** Task to complete **
Begin at the line that has "内容量(重さ) | 絹香(110g)×2、上田の匠", stop after the line that has "Baseball Players Calendar", and print exactly those lines from the records below, without any pictures.

** Record extracts **
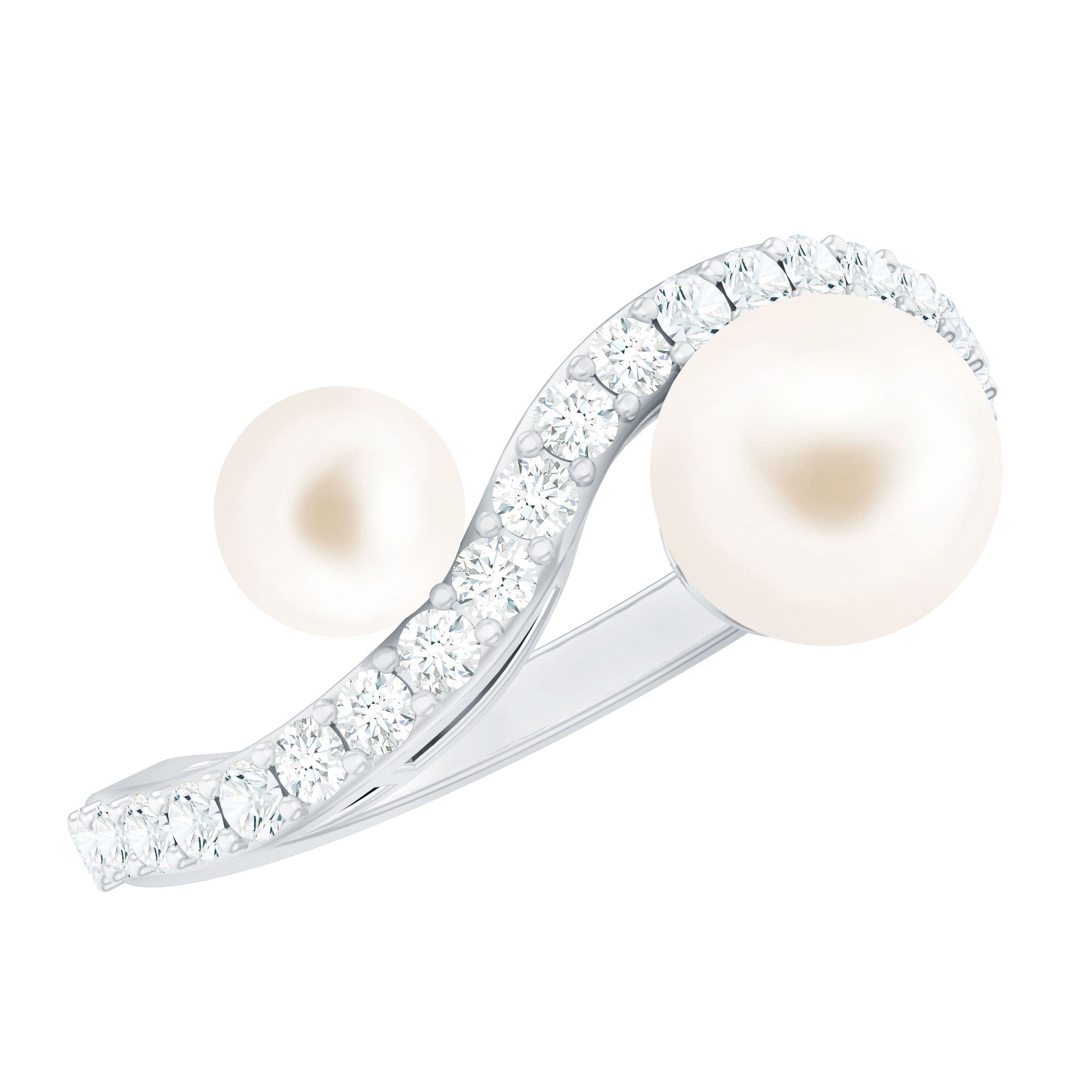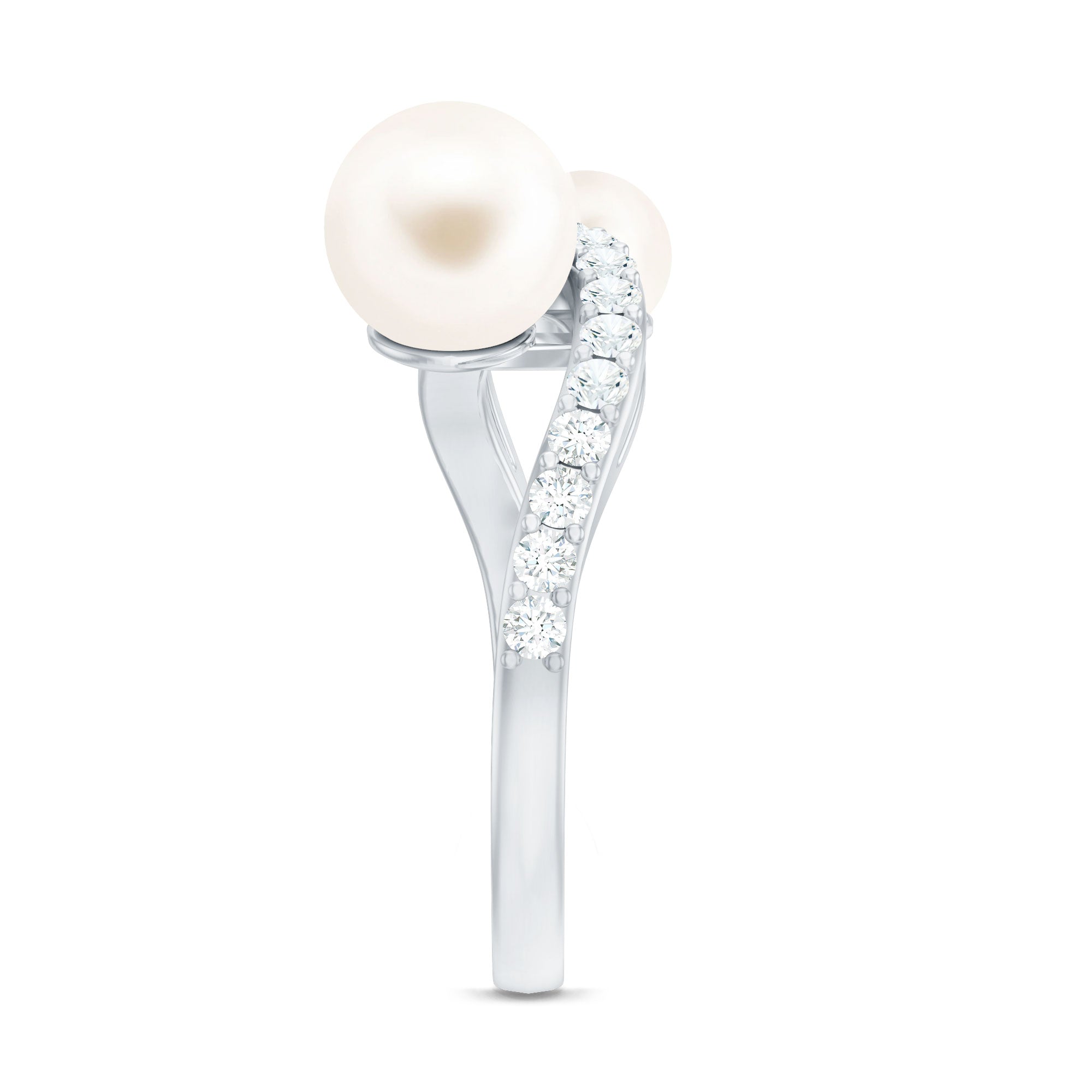 Go beyond the ordinary to express your style with a Freshwater Pearl Cocktail Ring. For a contemporary yet classic feel, it has been encrusted with twin stones of Round Shape Freshwater Pearl, divided by a Curved shank that is shimmered up by a parade of Round Shape Diamond partially. Certified for its phenomenal quality, this Pearl and Diamond Ring is a true treasure in any modern womans jewelry box.
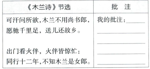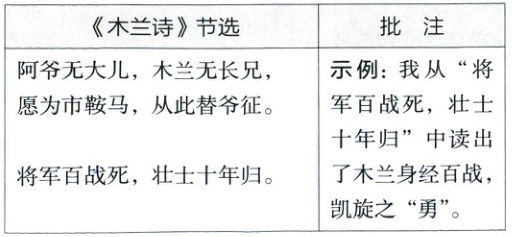 2. [2024山西一模改编]作批注是一种常用的读书方法。课文《木兰诗》塑造了巾帼英雄木兰的形象,请你参考批注示例,从下面节选的文字中任选几句,为木兰的形象作批注。
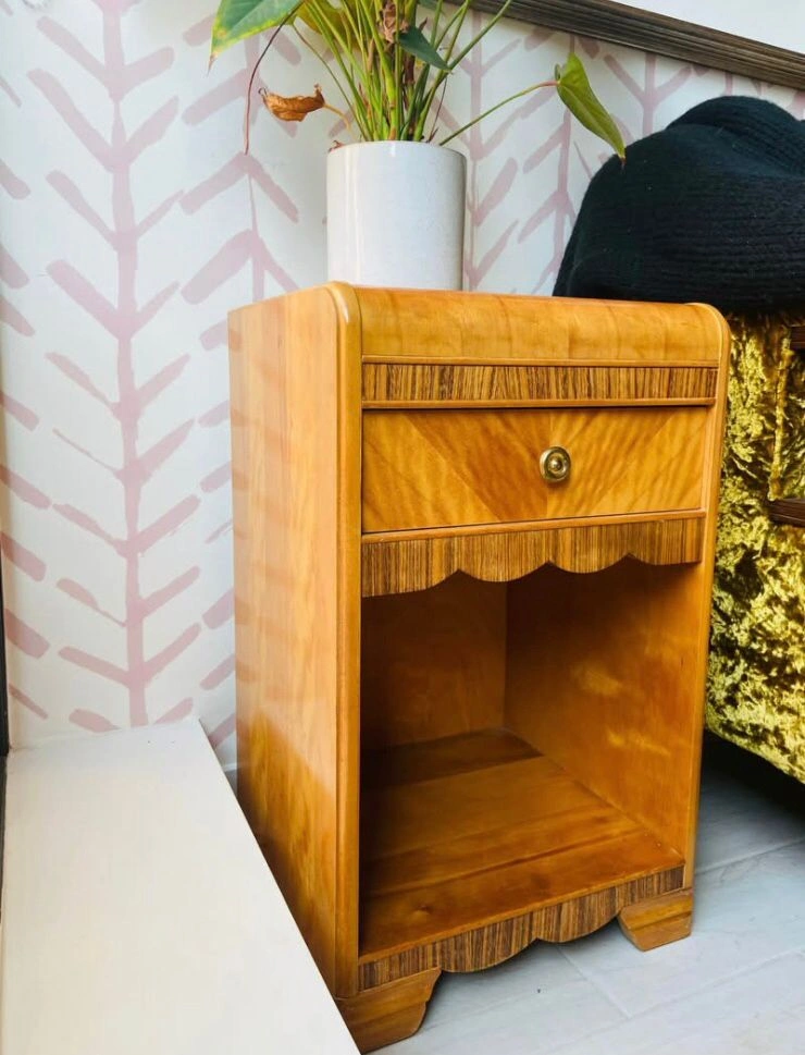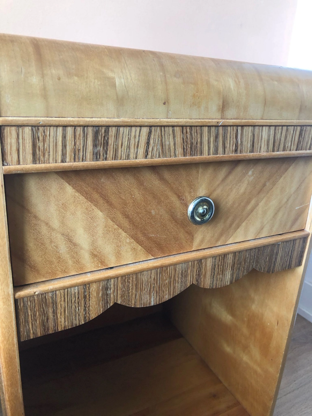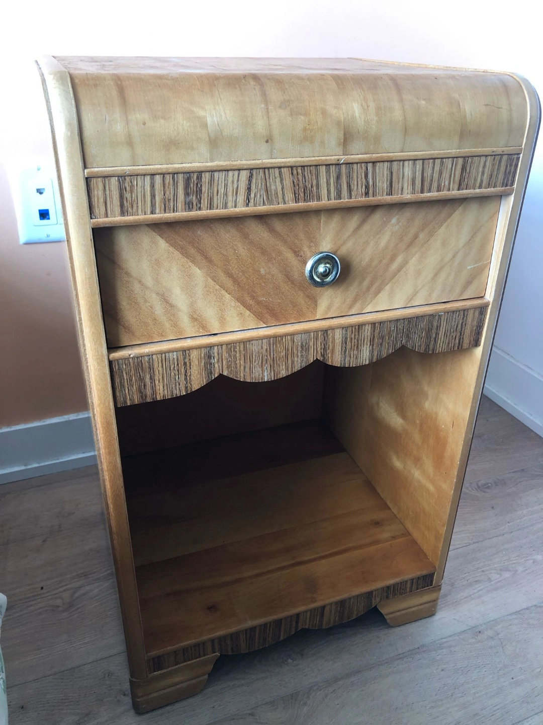 Vintage 1940s side table with waterfall edge and pretty scalloped detail. Some refinishing needed on top.
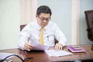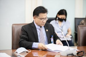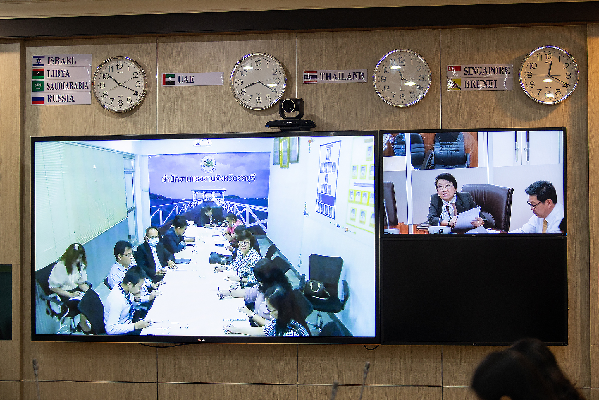 Today, November 5, 2020, at 11.00 hours, Labour Minister Mr. Suchart Chomklin assigned Advisory Board Members to the Labour Minister Police Major General Nantachat Supamongkol and Mrs. Theanrat Nawamawat, to preside over the meeting to discuss the Labour Minister and the Ministry of Labour’s executives’ official trip to Chonburi. Relevant departments from the central region and heads of government from Chonburi province also attended the meeting at the Saengsingkaew meeting room, 5th floor, Ministry of Labour.
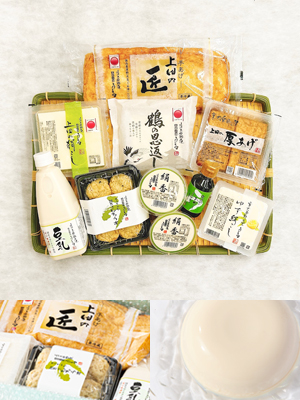 | 内容量(重さ) | 絹香(110g)×2、上田の匠 手あげ(1枚)、厚あげ(4個入)、ちっちゃなひろうす(6個入)、豆乳(500ml)、上田の絹こし(400g)、ゆず絹こし(230g)、鶴の恩返し(230g)、豆腐のおだし(115g) |
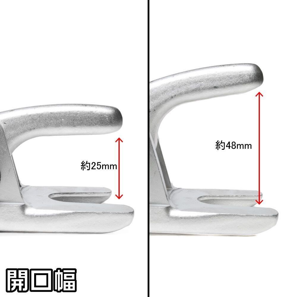 アストロプロダクツ タイロッドエンドプーラー TL352 全長 155mm 重量 1.2kg 開口幅 約25〜48mm 差込幅 約22mm ボルト二面幅 24mm 材質 スチール ●タイロッドエンドやボールジョイントの取り外しに使用する特殊工具です。●ピンの位置を差し替えることで、リフティング量を2段階に調節できます。
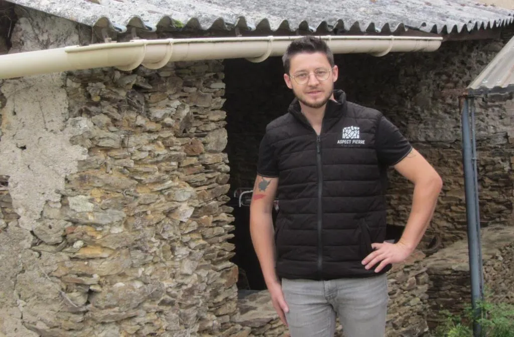 Axel Durand, paysagiste, est spécialisé dans la pierre de parement. Il est ici devant une de ses réalisations. © Ouest-France
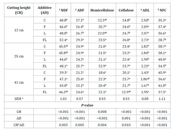 in F12 (P<0.05) silages. As cutting height was higher, cell wall
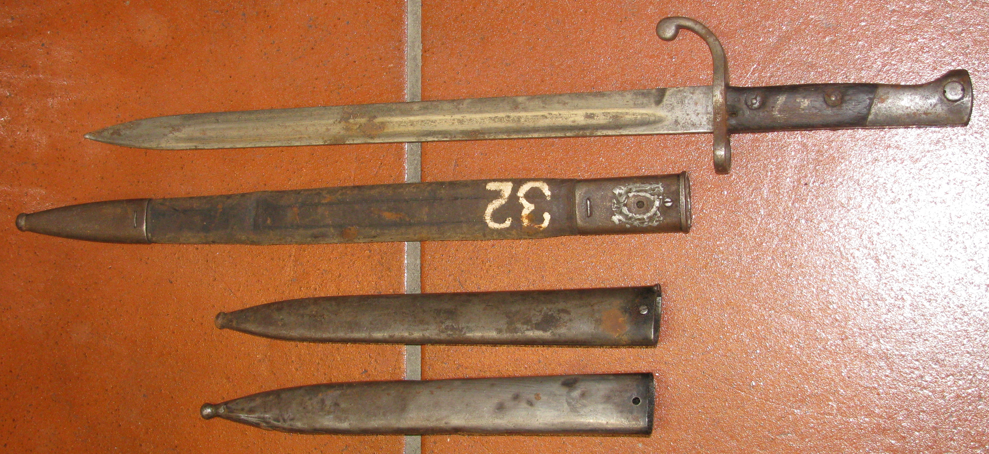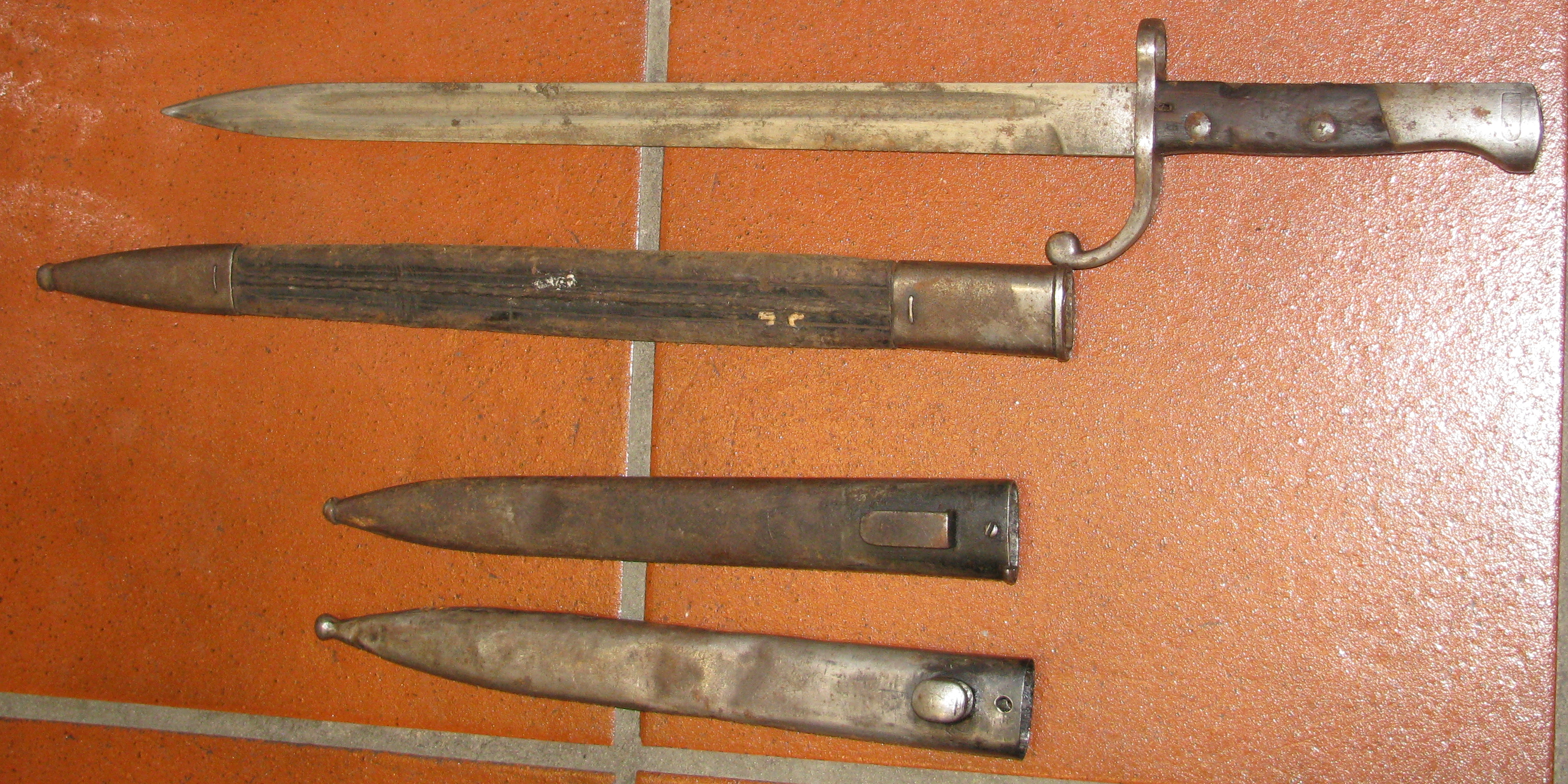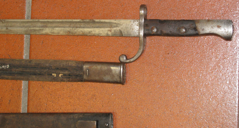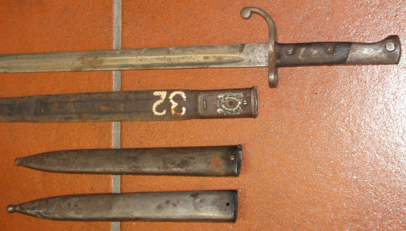 Bajonett mit Lederscheide und dazu zwei Stahlscheiden
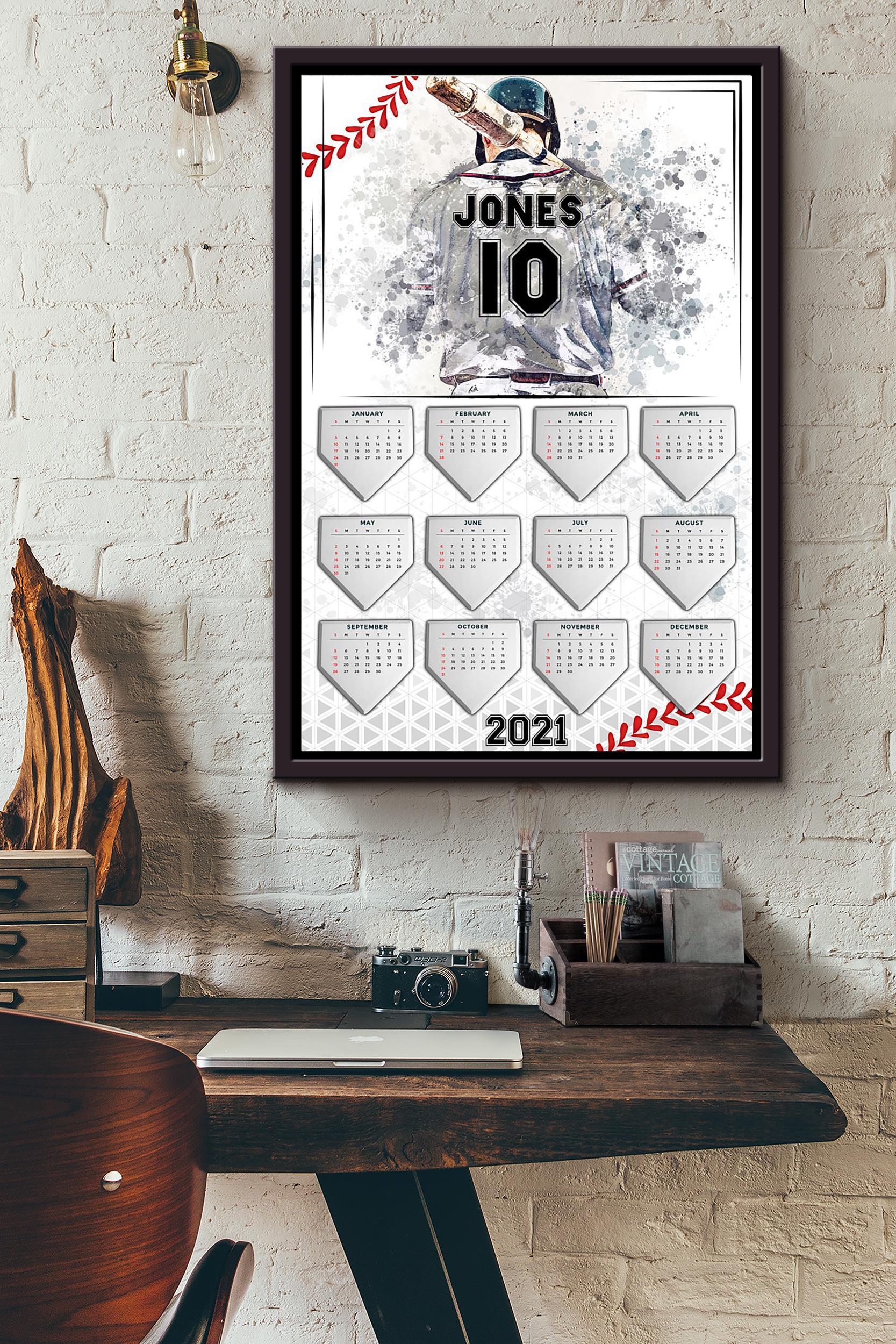 Baseball Players Calendar 2021 Poster Framed Matte Canvas
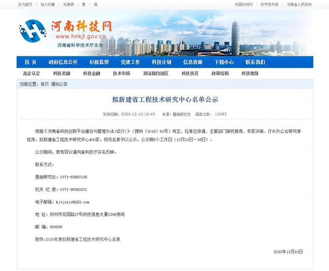 根據《河南省科技創(chuàng)新平臺建設與管理辦法(試行)》(豫科〔2016〕83號)規(guī)定,經單位申請、主管部門審核、評審、河南省科學技術廳廳長辦公會研究等程序,12月10日,省科學技術廳基礎研究院在河南科技網對擬新建省工程技術研究名單進行公示。
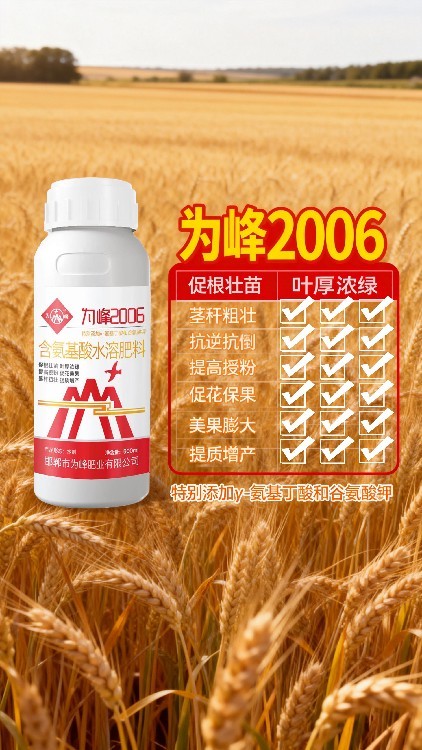 面對(duì)干旱、低溫、鹽堿等逆境挑戰(zhàn),為峰2006特別添加的γ-氨基丁酸(GABA)能顯著增強(qiáng)作物自身抗逆性,調(diào)節(jié)生理代謝,幫助作物在不良環(huán)境中保持正常生長(zhǎng),減少損失。為峰肥業(yè)致力于為種植戶排憂解難。廠家直供,品質(zhì)保證,歡迎實(shí)力伙伴洽談?wù)猩毯献鳌?br/>

** Exercise answer **
 | 内容量(重さ) | 絹香(110g)×2、上田の匠 手あげ(1枚)、厚あげ(4個入)、ちっちゃなひろうす(6個入)、豆乳(500ml)、上田の絹こし(400g)、ゆず絹こし(230g)、鶴の恩返し(230g)、豆腐のおだし(115g) |
 アストロプロダクツ タイロッドエンドプーラー TL352 全長 155mm 重量 1.2kg 開口幅 約25〜48mm 差込幅 約22mm ボルト二面幅 24mm 材質 スチール ●タイロッドエンドやボールジョイントの取り外しに使用する特殊工具です。●ピンの位置を差し替えることで、リフティング量を2段階に調節できます。
 Axel Durand, paysagiste, est spécialisé dans la pierre de parement. Il est ici devant une de ses réalisations. © Ouest-France
 in F12 (P<0.05) silages. As cutting height was higher, cell wall
 Bajonett mit Lederscheide und dazu zwei Stahlscheiden
 Baseball Players Calendar 2021 Poster Framed Matte Canvas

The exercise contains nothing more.